Пулемет под обрывом давно не стрелял, в тишине стало вдруг слышно, как немец в блиндаже заиграл на губной гармошке. Немец играл «Es geht alles vorbei»[6]. Они не знали этой песни, ее протяжная горестная мелодия показалась им чужой и враждебной. Но и эта чужая песня говорила о человеческом страдании и надежде, и ее печальная мелодия зачаровала их. Они подвинулись теснее друг к другу, зачарованные чужой песней и страшась ее, потому что она снова напоминала им о том, как близко они от врага.
— Они убьют нас, — прошептал Войновский.
— А ты надейся, Юрий Сергеевич. Прижмись ко мне крепче, теплее будет. Ты не думай, вспоминай что-нибудь хорошее.
— Как только рассветет, они тотчас увидят наши следы.
— До утра дожить — и то спасибо.
— Холодно. Ой, как холодно, — сказал Войновский и закрыл лицо руками.
глава XIV
Старшина Кашаров полз вдоль цепи. Кашаров вовсе не хотел идти под огонь пулеметов и мог бы не делать этого, послав другого, но дело касалось водки, а водку старшина боялся доверить даже себе. Старшина Кашаров исполнял свой долг: полз вдоль цепи, раздавая водку солдатам.
— Старшина?
— Он самый. — В свете ракеты Кашаров увидел худое синее лицо, заросшее щетиной. Солдат смотрел на старшину, глаза горели лихорадочным блеском. Ракета упала, глава солдата потухли.
— В атаку скоро подымать
— Озяб? Грейся. — Кашаров откинул крышку термоса, зачерпнул водку алюминиевой кружкой.
— Поднеси сам, старшина. А то руки совсем закоченели, боюсь, расплескаю.
Старшина поднял чарку. Зубы Проскурова стучали по кружке. Он кончил пить, крякнул.
Они подползли к солдату, лежавшему ногами к берегу. Проскуров дернул солдата за ногу. Тот лежал ничком и не шевелился.

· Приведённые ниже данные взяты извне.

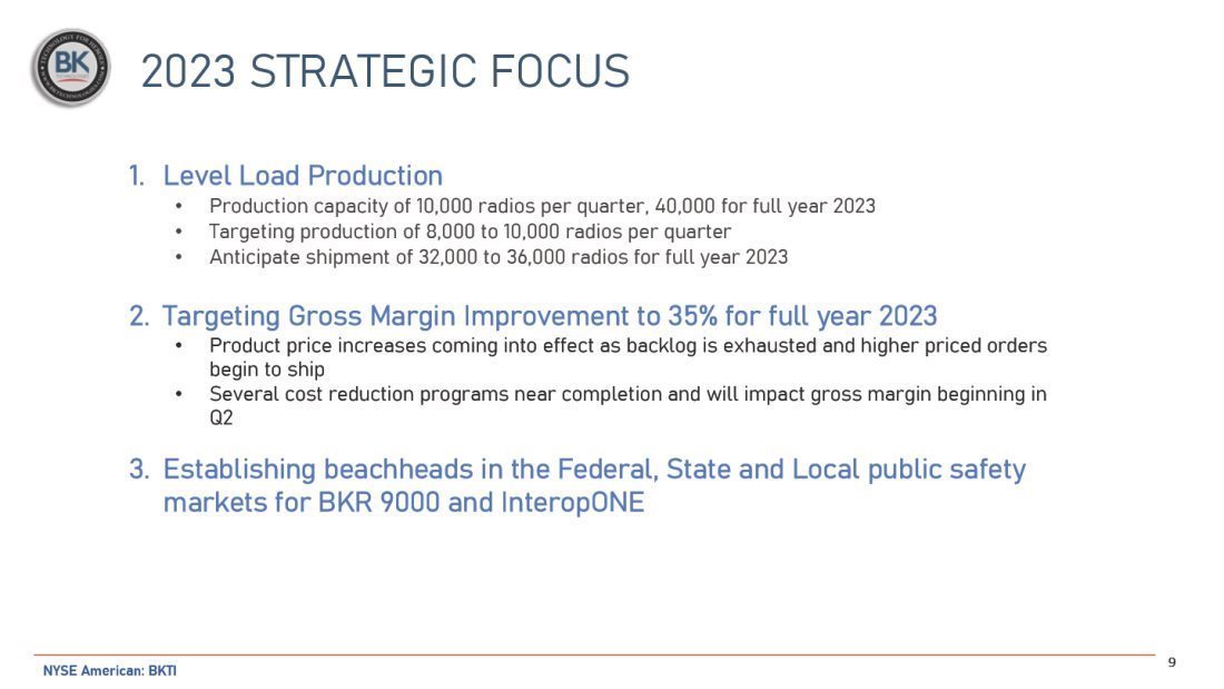 In our third area of focus, we want to continue to establish strategic beachheads in the federal, state and local public safety markets for the BKR 9000 multi-band portable radio and InteropONE. We believe that establishing these beachheads is important as we plan for continued growth in 2024 and achieving our 2025 goal.

— Эй, проснись, — сказал старшина.
— Не буди, старшина, не добудишься. — Проскуров поднял голову солдата, заглянул в лицо. — Он самый. — Проскуров отнял руку, голова глухо стукнулась о лед. — Из студентов.
— Переверни его. Медальон надо забрать.
Проскуров вытащил медальон. Кашаров спрятал медальон в сумку, открыл термос.
— Хорош напиток, — сказал Проскуров, опорожнив кружку. — недаром им покойников поминают. Еще полчаса назад живой был, мы с ним разговор вели. Образованный. Много фактов знал. Всю жизнь по книгам учился. А вот все равно замерз. Застыло сердце. За что только? Мне-то не жалко. Я пожил. И водки попил и с бабами поспал. Все было. Не учился, правда. Но вот, видишь, живу пока. — Проскуров отдал пустую кружку старшине, быстро задвигал ногами, уползая в темноту.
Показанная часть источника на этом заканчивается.